» **Assigned task**:
Find the line with "The yield of" in the data below. Repeat it and every line after it up to the end, exactly, but drop the pictures.
━━ Available data ━━
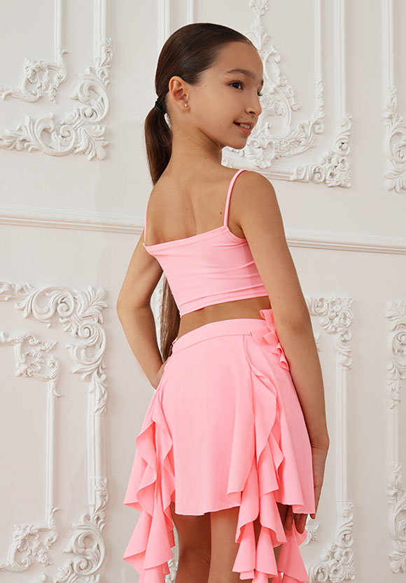 Топ с изящной драпировкой и воланами создаёт игривый и женственный силуэт, идеально облегает фигуру, не сковывая движения. Топ соответствует последним модным тенденциям в танцевальной одежде, что позволит тебе всегда выглядеть стильно и современно. Он станет отличным выбором для занятий бальными танцами, хореографией, современной и эстрадной танцевальными направлениями.
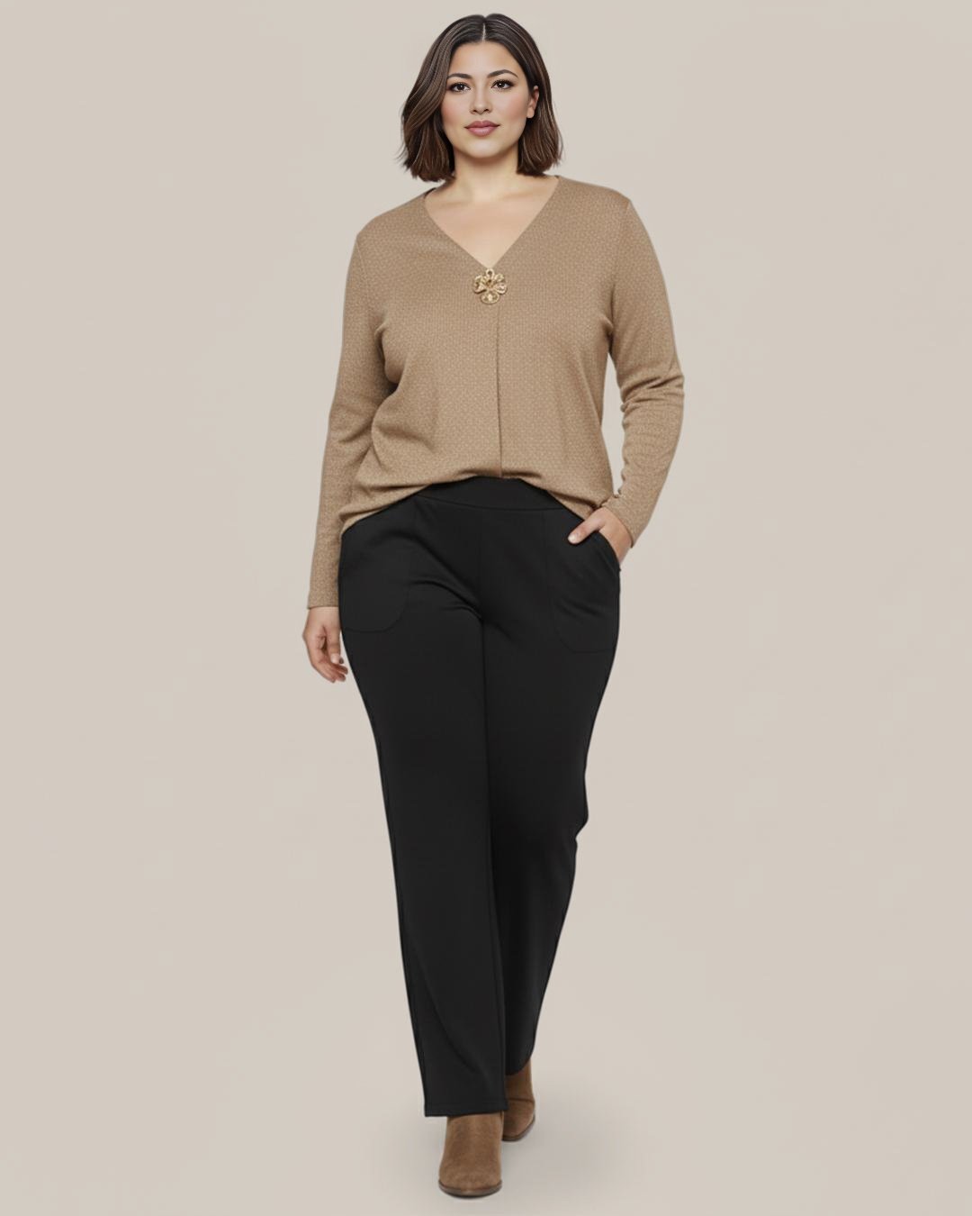 Jersey Glamour ▷ ¡Una pieza imprescindible para elevar tu armario esta temporada! Está confeccionado en un tejido suave en tacto lana con un hilo de brillo sutil. Su escote en pico está adornado con un elegante broche que se puede retirar. El corte es juvenil y acampanado. ¡Una prenda perfecta para cenas y looks de noche sin renunciar a la comodidad! ¡Brilla con el estilo de Quiles_Shop!
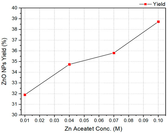 The yield of ZnO NPs ranged from 31.89 ± 0.72% to 38.72 ± 1.56% in direct proportion with the concentration of Zn acetate, as presented in Table 3. These results agree with the reported findings of Wang and co-workers [30].
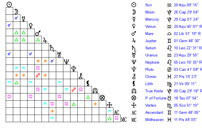 | Sun | 20 Aquarius 9 | 21 Aquarius 12 | 5 Gemini 34 |
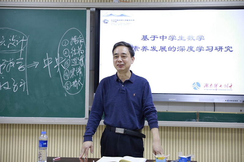 评课环节中,两位授课教师分别介绍了自己的课堂设计。工作室名师袁拥军戴飒英,湖南师大附中七年级组长、我校首任初中数学教研组长吴菲,湖南师大附中名师陆稳做了精彩的点评。
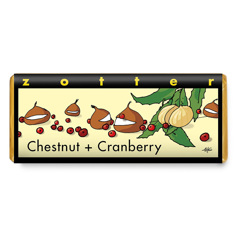 Zotter Bio mléčná čokoláda Kaštany a brusinky, 70 g
━━━
» **Answer area**:
 The yield of ZnO NPs ranged from 31.89 ± 0.72% to 38.72 ± 1.56% in direct proportion with the concentration of Zn acetate, as presented in Table 3. These results agree with the reported findings of Wang and co-workers [30].
 | Sun | 20 Aquarius 9 | 21 Aquarius 12 | 5 Gemini 34 |
 评课环节中,两位授课教师分别介绍了自己的课堂设计。工作室名师袁拥军戴飒英,湖南师大附中七年级组长、我校首任初中数学教研组长吴菲,湖南师大附中名师陆稳做了精彩的点评。
 Zotter Bio mléčná čokoláda Kaštany a brusinky, 70 g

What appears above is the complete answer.